## Source data
....

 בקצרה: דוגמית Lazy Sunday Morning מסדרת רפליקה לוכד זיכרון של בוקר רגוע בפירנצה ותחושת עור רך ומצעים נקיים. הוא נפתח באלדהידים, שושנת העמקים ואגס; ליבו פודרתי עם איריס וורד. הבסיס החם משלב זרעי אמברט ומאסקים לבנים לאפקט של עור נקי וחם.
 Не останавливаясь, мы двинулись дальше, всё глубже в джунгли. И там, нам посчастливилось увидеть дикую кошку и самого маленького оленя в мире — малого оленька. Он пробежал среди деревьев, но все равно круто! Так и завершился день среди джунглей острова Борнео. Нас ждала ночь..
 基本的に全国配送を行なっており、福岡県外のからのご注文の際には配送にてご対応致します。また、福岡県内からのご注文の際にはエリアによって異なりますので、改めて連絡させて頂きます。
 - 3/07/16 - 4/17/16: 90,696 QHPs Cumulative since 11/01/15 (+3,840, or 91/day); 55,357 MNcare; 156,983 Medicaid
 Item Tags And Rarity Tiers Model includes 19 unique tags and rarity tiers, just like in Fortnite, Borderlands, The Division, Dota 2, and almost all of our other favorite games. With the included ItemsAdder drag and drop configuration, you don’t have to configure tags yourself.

....

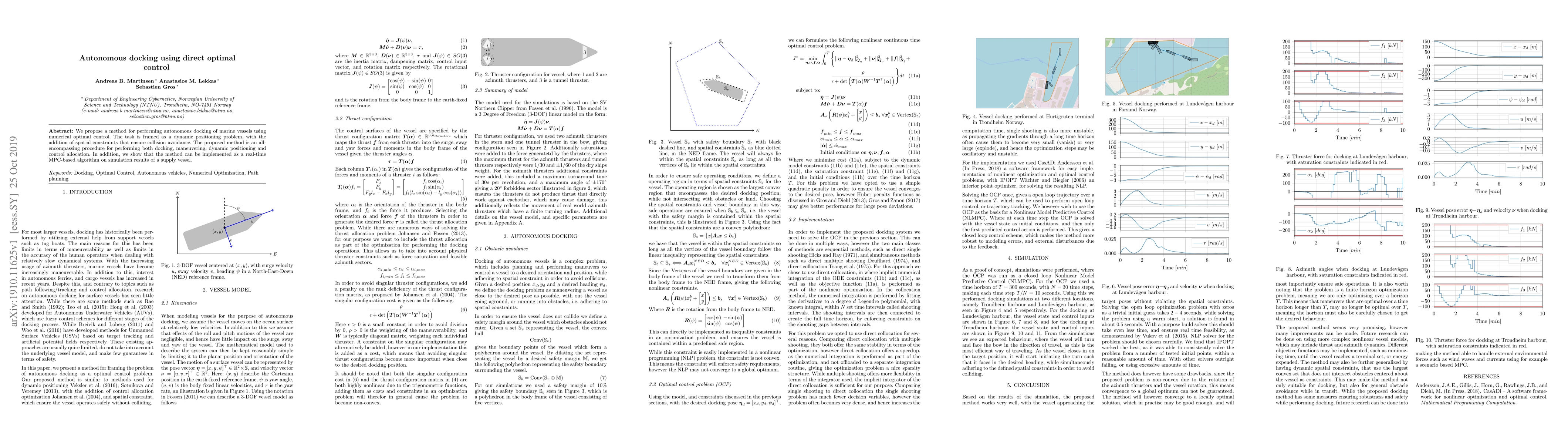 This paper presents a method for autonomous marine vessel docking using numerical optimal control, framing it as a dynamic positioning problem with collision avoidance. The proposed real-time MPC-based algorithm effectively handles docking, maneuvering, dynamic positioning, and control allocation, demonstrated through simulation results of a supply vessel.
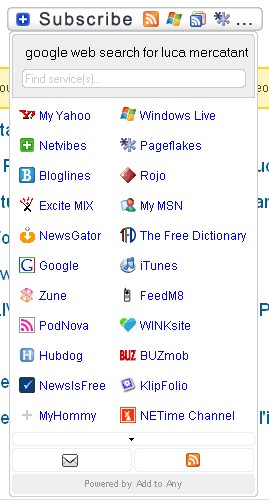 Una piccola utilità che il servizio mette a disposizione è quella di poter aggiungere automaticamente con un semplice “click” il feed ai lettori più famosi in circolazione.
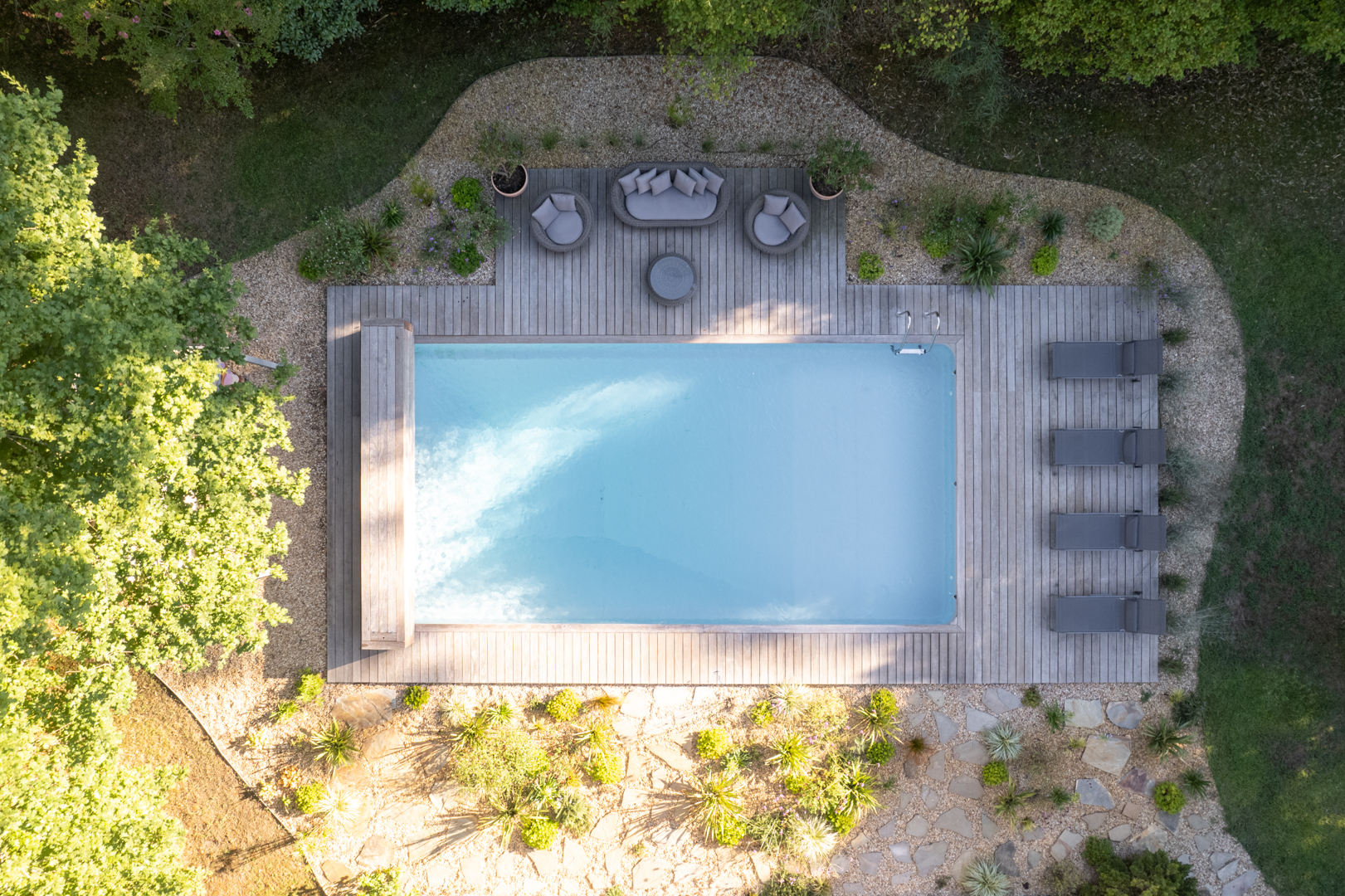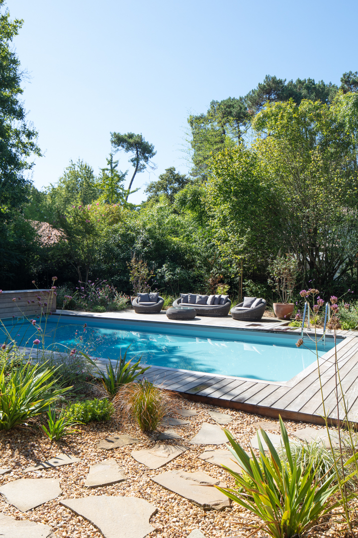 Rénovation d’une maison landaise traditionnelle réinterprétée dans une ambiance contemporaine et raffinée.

....

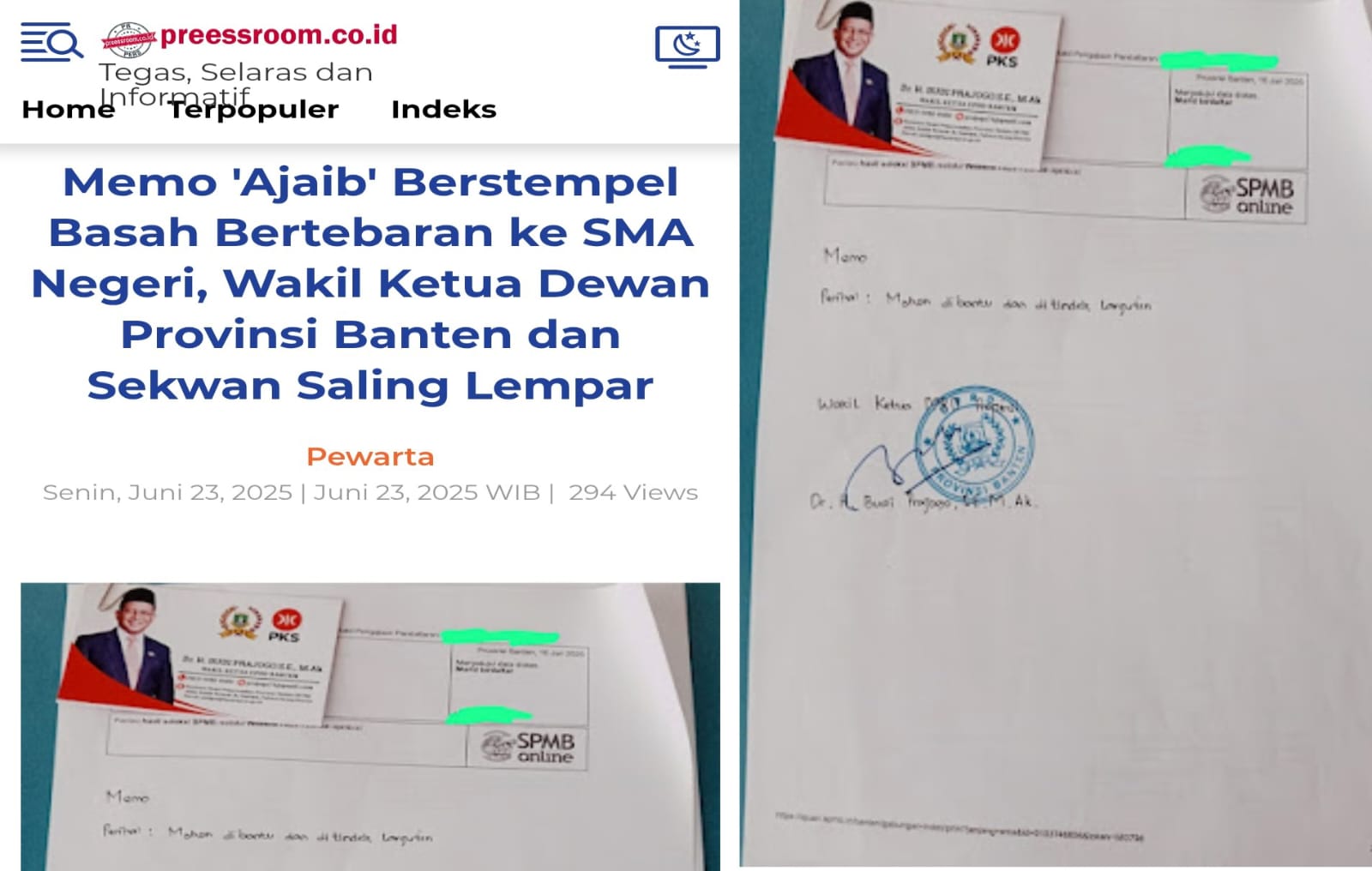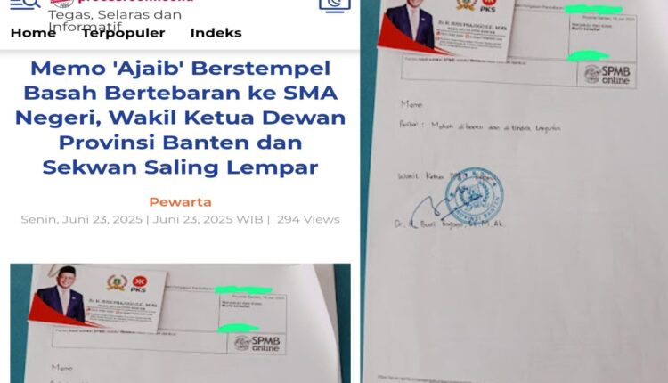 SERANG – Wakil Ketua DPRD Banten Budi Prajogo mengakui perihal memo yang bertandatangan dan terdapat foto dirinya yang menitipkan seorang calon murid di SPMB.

....

## Problem description
When you reach the line with "- 3/07/16 - 4/17/16: 90,696" in the records above, start writing out lines exactly, and stop once the line with "Item Tags And" has been written; include nothing else.

## Answer box
 - 3/07/16 - 4/17/16: 90,696 QHPs Cumulative since 11/01/15 (+3,840, or 91/day); 55,357 MNcare; 156,983 Medicaid
 Item Tags And Rarity Tiers Model includes 19 unique tags and rarity tiers, just like in Fortnite, Borderlands, The Division, Dota 2, and almost all of our other favorite games. With the included ItemsAdder drag and drop configuration, you don’t have to configure tags yourself.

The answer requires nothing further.